ENTRIES SUPPLIED:
··········
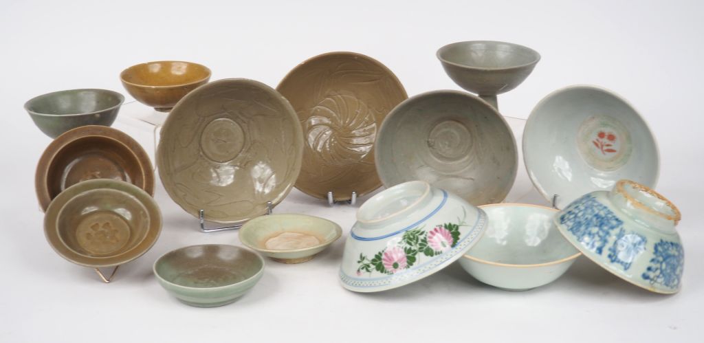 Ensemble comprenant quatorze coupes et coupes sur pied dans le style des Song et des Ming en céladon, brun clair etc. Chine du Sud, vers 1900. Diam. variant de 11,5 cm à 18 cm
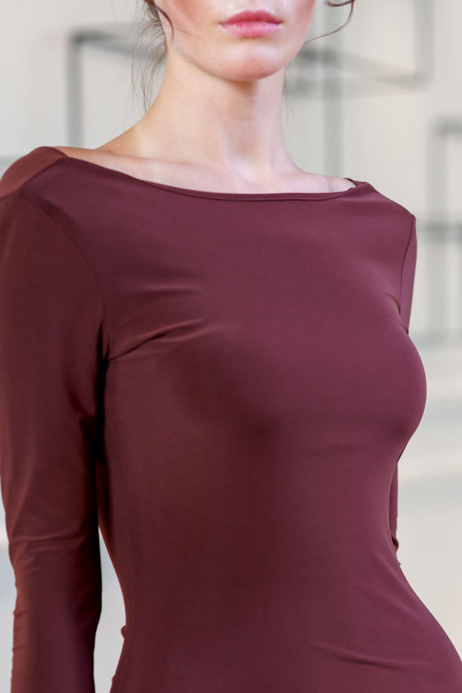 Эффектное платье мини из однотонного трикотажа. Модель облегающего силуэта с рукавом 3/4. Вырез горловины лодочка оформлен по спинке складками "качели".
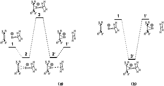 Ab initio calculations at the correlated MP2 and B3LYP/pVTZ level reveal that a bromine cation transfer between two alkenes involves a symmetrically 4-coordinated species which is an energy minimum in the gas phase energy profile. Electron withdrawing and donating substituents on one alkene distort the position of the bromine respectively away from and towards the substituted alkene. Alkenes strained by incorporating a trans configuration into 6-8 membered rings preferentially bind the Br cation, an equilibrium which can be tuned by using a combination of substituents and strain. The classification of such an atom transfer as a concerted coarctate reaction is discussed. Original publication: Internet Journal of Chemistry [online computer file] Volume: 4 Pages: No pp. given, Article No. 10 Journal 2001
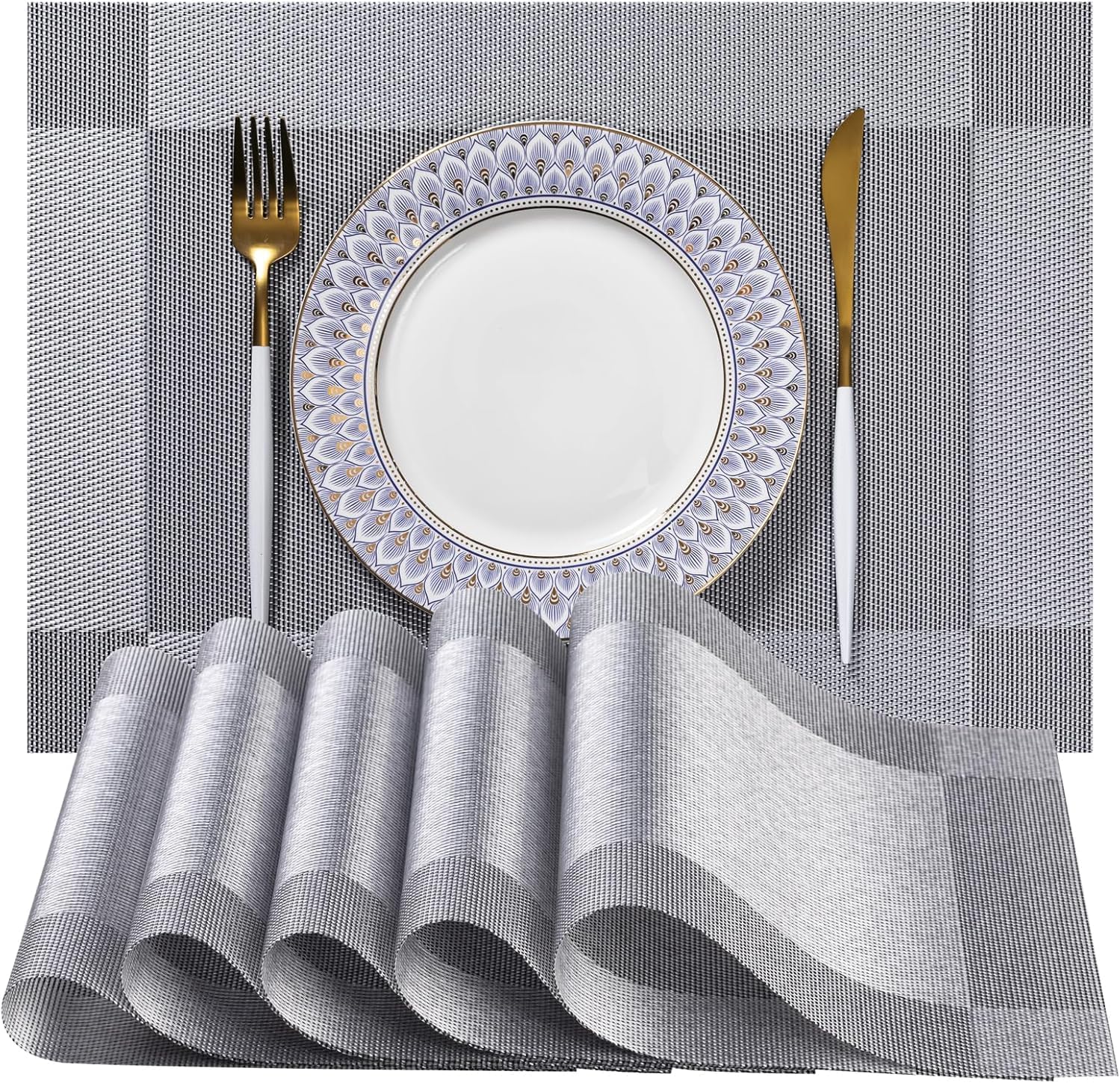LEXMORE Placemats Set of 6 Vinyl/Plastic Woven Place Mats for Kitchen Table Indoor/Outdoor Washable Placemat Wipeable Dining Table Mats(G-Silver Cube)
··········
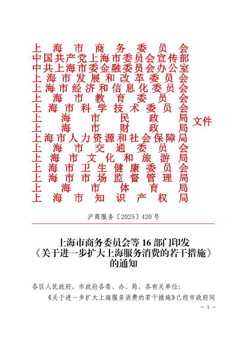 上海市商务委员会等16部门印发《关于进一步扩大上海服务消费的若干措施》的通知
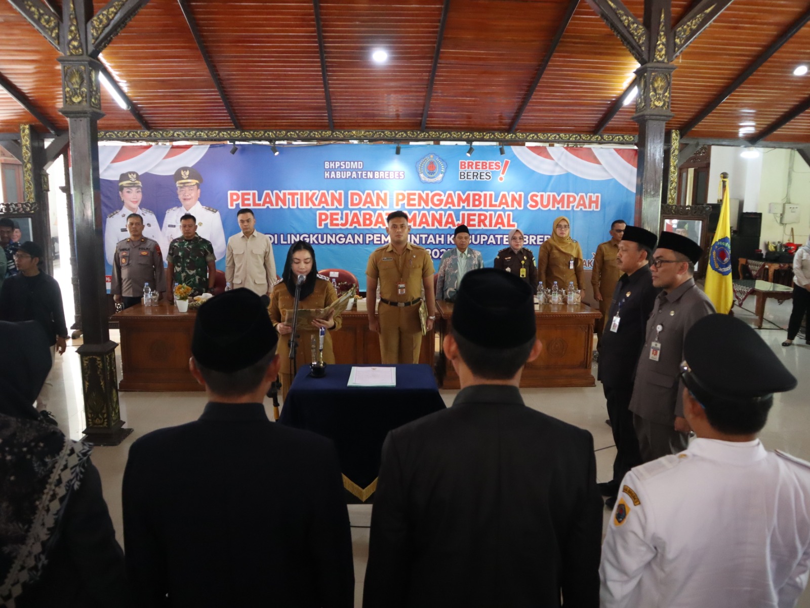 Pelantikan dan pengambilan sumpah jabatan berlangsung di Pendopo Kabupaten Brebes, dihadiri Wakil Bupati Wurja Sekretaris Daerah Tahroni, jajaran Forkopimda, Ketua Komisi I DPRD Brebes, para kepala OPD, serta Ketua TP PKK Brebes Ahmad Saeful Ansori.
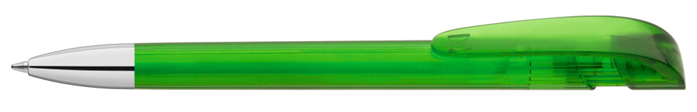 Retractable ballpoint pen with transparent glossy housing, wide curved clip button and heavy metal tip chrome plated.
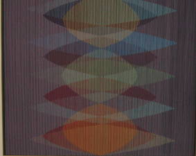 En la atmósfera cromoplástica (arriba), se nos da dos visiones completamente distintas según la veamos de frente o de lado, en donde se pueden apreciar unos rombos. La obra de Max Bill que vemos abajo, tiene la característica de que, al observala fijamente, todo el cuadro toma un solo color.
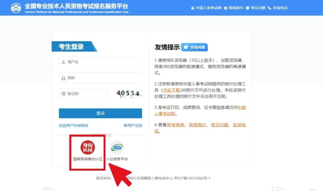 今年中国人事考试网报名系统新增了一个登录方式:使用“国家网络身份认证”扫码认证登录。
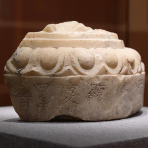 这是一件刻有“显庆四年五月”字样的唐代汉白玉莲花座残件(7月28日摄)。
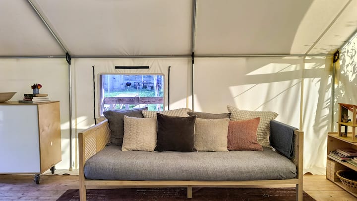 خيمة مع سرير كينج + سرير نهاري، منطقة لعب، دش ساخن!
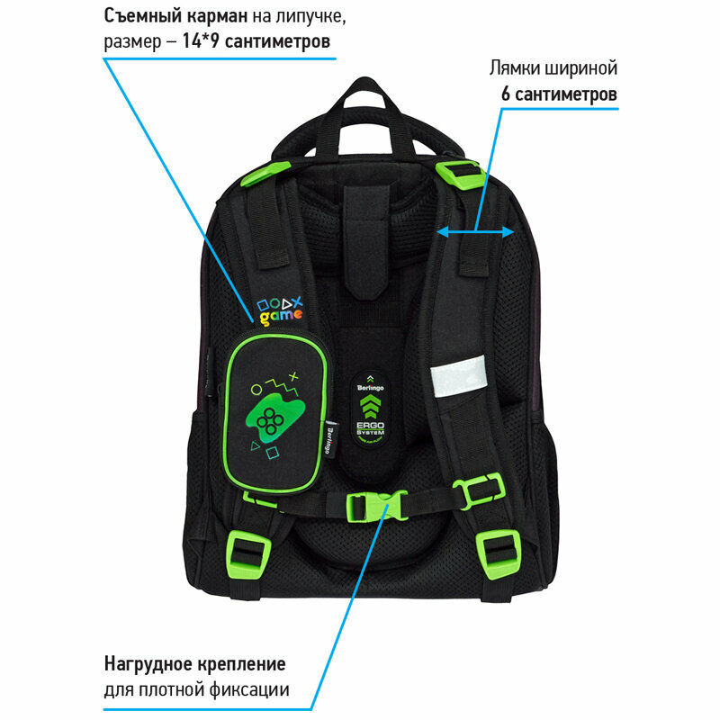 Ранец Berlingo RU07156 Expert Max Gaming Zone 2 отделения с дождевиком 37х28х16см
··········
TASK PROMPT:
Above are the records. Copy word for word only their lines from the one holding "Ensemble comprenant quatorze" through the one holding "Эффектное платье мини", both included, and skip the images.

ANSWER FOR THE TASK:
 Ensemble comprenant quatorze coupes et coupes sur pied dans le style des Song et des Ming en céladon, brun clair etc. Chine du Sud, vers 1900. Diam. variant de 11,5 cm à 18 cm
 Эффектное платье мини из однотонного трикотажа. Модель облегающего силуэта с рукавом 3/4. Вырез горловины лодочка оформлен по спинке складками "качели".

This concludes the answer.